Once the line containing "Outra forma de" is found in the entries below, restate it and each following line word for word, stopping after the line containing "[12月15日]地球系統(t".
*** Opening Data listing ***
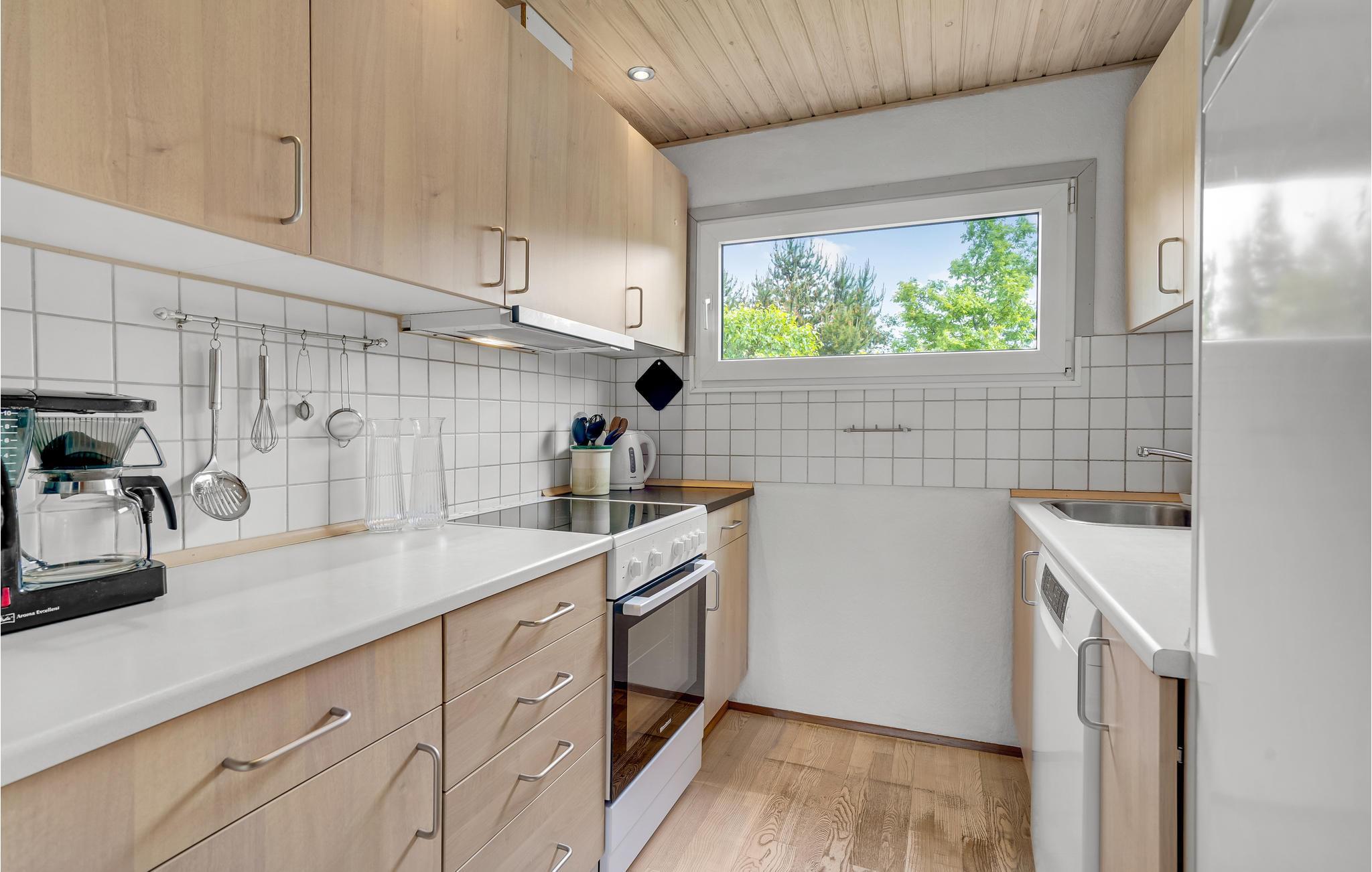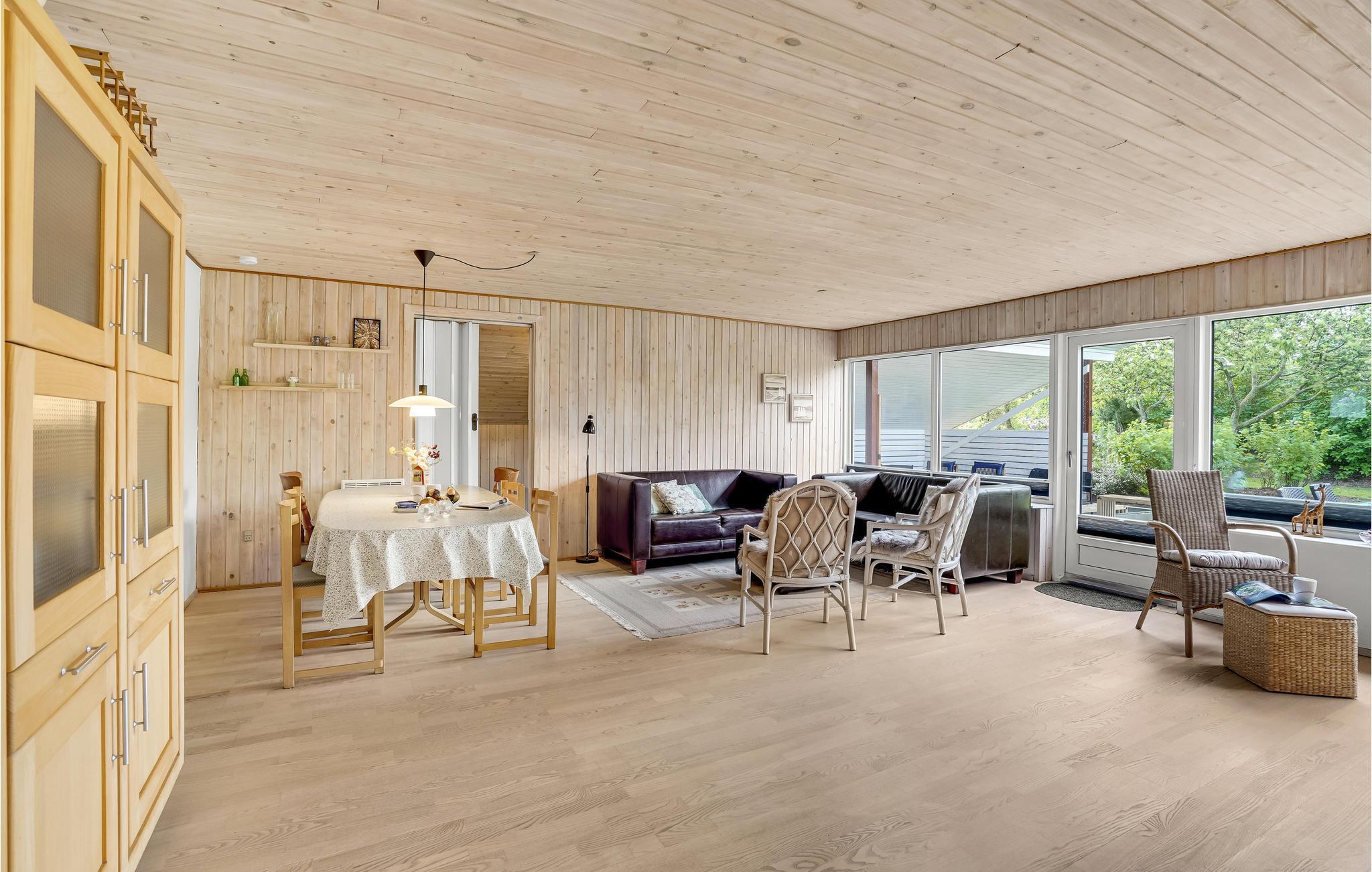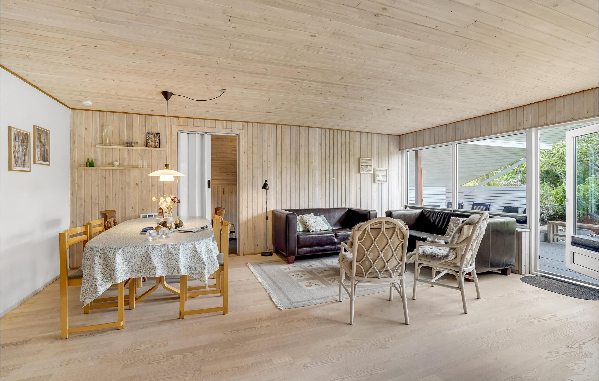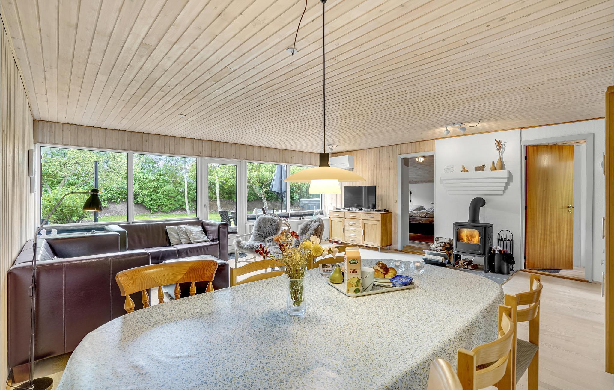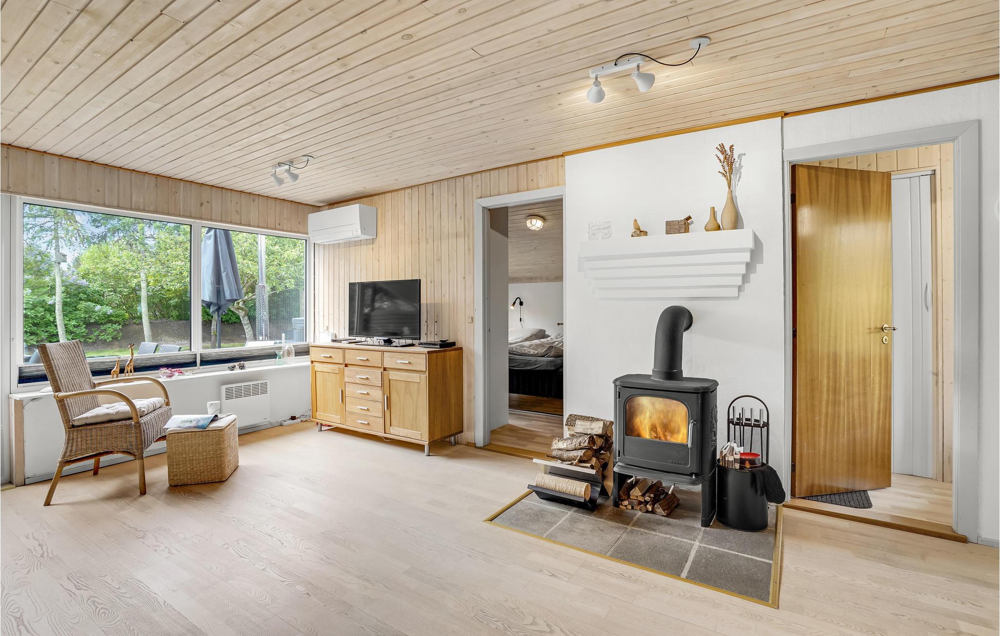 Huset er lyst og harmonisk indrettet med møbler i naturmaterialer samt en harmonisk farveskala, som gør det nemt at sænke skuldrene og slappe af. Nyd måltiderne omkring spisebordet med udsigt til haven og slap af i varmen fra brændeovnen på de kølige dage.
*** Closing Data listing ***
*** Opening Data listing ***
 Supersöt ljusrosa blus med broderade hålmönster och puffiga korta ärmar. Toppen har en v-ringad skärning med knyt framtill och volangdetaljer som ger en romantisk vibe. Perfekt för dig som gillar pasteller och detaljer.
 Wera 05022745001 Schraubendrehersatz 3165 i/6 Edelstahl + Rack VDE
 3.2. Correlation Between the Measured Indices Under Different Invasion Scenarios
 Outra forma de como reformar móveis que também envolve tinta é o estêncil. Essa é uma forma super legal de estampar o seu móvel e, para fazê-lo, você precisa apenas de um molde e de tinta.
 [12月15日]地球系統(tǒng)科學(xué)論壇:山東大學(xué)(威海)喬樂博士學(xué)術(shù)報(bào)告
*** Closing Data listing ***
(The completed task):
 Outra forma de como reformar móveis que também envolve tinta é o estêncil. Essa é uma forma super legal de estampar o seu móvel e, para fazê-lo, você precisa apenas de um molde e de tinta.
 [12月15日]地球系統(tǒng)科學(xué)論壇:山東大學(xué)(威海)喬樂博士學(xué)術(shù)報(bào)告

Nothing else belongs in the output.